When the rotor 6 in the cylinder 4 is rotated, the vane 8
slides in contact with the elliptical inner circumferential surface 4a of the cylinder 4 due to centrifugal force or back pressure in the groove 16, thereby forming the working chamber 18.
moves in the direction of rotor rotation while expanding and contracting. By expanding and contracting the working chamber 18, the suction passage 2 is opened from the inlet boat 30.
The fluid, such as refrigerant gas, that has flowed into the chamber 4 is sucked into the working chamber 18 from the suction port 20 and compressed, and then passes through the discharge port 22.
Press open the discharge valve 26 to create a discharge space 36 in the envelope 28.
is discharged.

The temperature of the fluid discharged into the discharge space 36 has increased due to compression work. The heat of this increased temperature of the fluid is
Working chamber 18 from the outside of the cylinder 4 inside the envelope 28
attempts to transfer heat to However, since the fluid before being sucked into the working chamber 18 is temporarily retained in the retention area 42 provided over almost the entire circumferential direction within the cylinder 4, heat transfer to the inside of the cylinder 4 is prevented by this fluid. reduced.

Therefore, it is possible to prevent the temperature of the working chamber 18 from rising, thereby preventing the temperature of the fluid being sucked from rising. Thereby, the fluid can be sufficiently sucked into the working chamber 18 and the filling efficiency can be improved.

In addition, unlike conventional methods, a part of the fluid discharged by the compressor is not introduced into the working chamber for cooling, but the fluid sucked into the working chamber reduces heat transfer.
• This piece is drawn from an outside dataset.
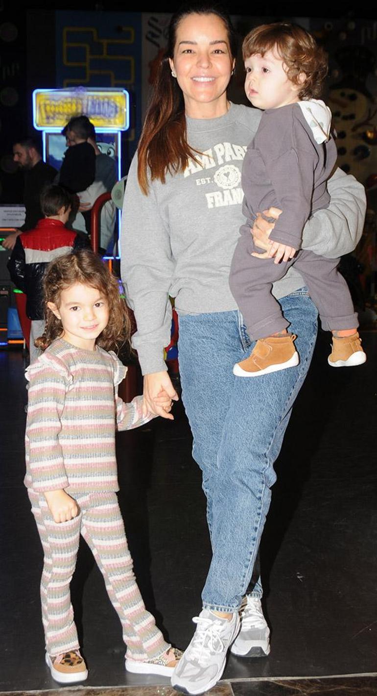 Öğle saatlerinde çocuklarıyla eğlenceli vakit geçirmek için eğlence merkezine gelen şarkıcı Bengü, objektiflere Zeynep ve Selim'le birlikte poz vermeyi ihmal etmedi.

All of the fluid discharged by the compressor can be supplied to the equipment being used, improving the efficiency of the equipment.

〔Effect of the invention〕

As described above, according to the present invention, by temporarily retaining the fluid before being sucked into the working chamber in the retention area provided in the circumferential direction within the cylinder, this fluid can be used to move the fluid from the outside to the inside of the cylinder. Heat transfer is reduced.

In this way, by reducing heat transfer from the outside to the inside of the cylinder, it is possible to prevent a temperature rise in the working chamber of the vane type rotary compressor. Therefore, the filling efficiency of the vane type rotary compressor can be improved. Further, when this vane type rotary compressor is used in equipment, all of the fluid discharged from the working chamber can be supplied to the equipment. Therefore, it is possible to avoid the conventional inconvenience of not being able to supply all of the fluid discharged to the equipment by introducing a part of the fluid discharged by the compressor into the working chamber of the compressor and cooling it. There is no risk of reducing the efficiency of equipment used in the rotary compressor.
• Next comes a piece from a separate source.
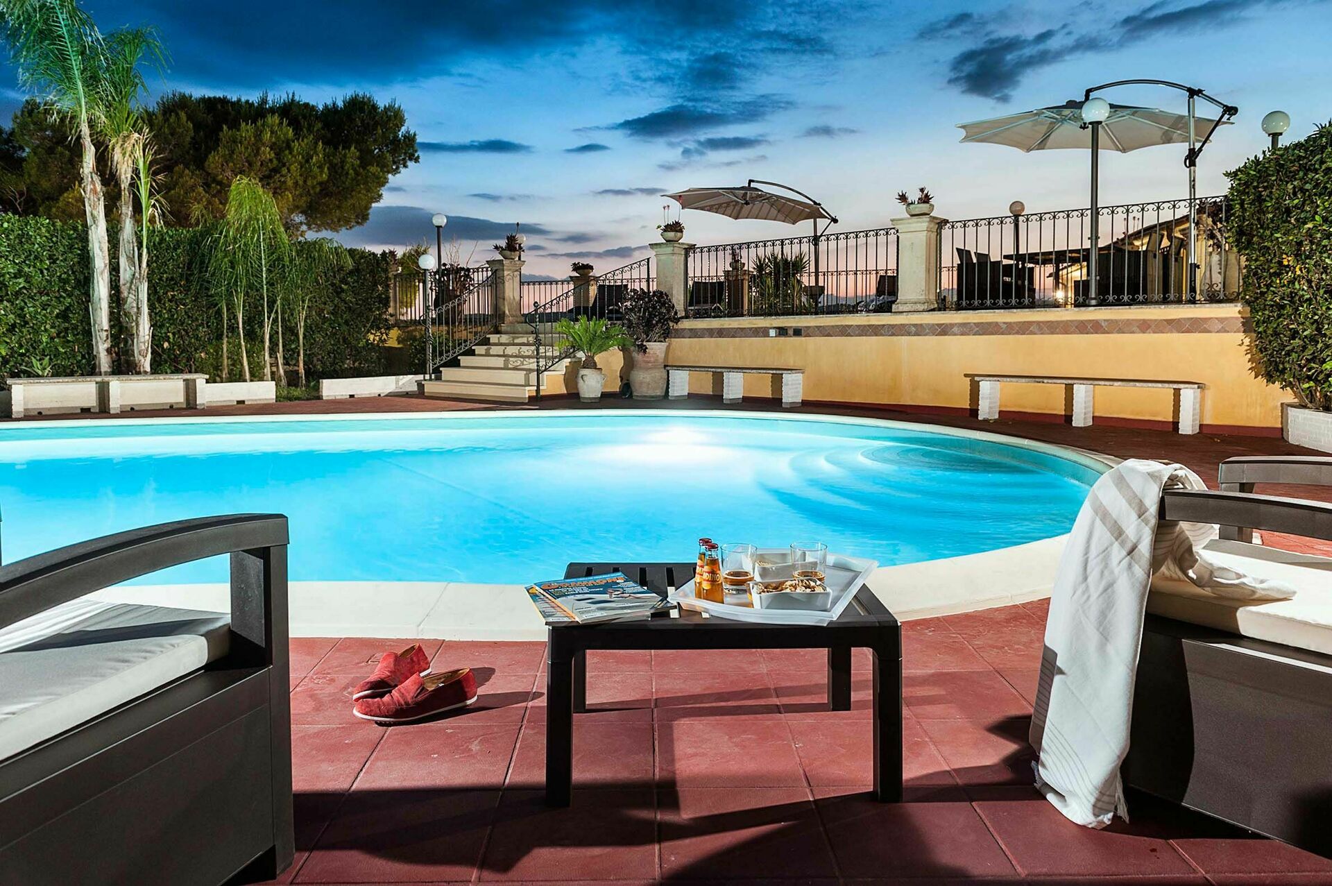 Von den großzügigen und sonnigen Terrassen der Luxusvilla aus genießen die Gäste einen herrlichen Panoramablick auf die umliegende Landschaft und die wunderschönen Sonnenuntergänge. Im Aussenbereich ist die Villa von einem großen gepflegten Garten umgeben, in dem sich ein schönes, privates Schwimmbad befindet, das mit einer Sonnenterrasse mit Sonnenliegen, Sonnenschirmen und Tischen ausgestattet ist. Der ideale Ort, um angenehme Stunden unter der warmen Sonne Siziliens mit Freunden und Familie zu verbringen. In den zahlreichen mit Tischen und Stühlen ausgestatteten Bereichen können die Gäste bequem draußen essen.

[Brief explanation of the drawing]

Figures 1 and 2 show an embodiment of the present invention, with Figure 1 being a sectional view of the rotor portion of a Hoehne rotary compressor,
The figure is a partially cutaway sectional view of a vane-type rotary compressor. In the figure, 2 is a vane type rotary compressor, 4 is a cylinder,
6 is the rotor, 8 is the vane, 10 and 12 are the side plates, 16 is the groove, 18 is the working chamber, 20 is the suction port, 22 is the discharge port, 24
26 is a suction passage, 26 is a discharge valve, 28 is an envelope, 36 is a high pressure chamber, 38 is an oil storage chamber, and 42 is a retention place. Patent applicant: Suzuki Automobile Industry Co., Ltd. Agent: Yoshimi Nishigo, patent attorney

Claims (1)

[Claims] A working chamber that moves while expanding and contracting in the rotor rotational direction is formed by a cylinder, a rotor rotatably installed in the cylinder, and a vane retractably installed in a groove formed approximately radially to the center of the rotor. What is claimed is: 1. A vane-type rotary compressor with compartmentalization, characterized in that a retention recess is provided in the circumferential direction within the cylinder for temporarily retaining fluid before being sucked into the working chamber.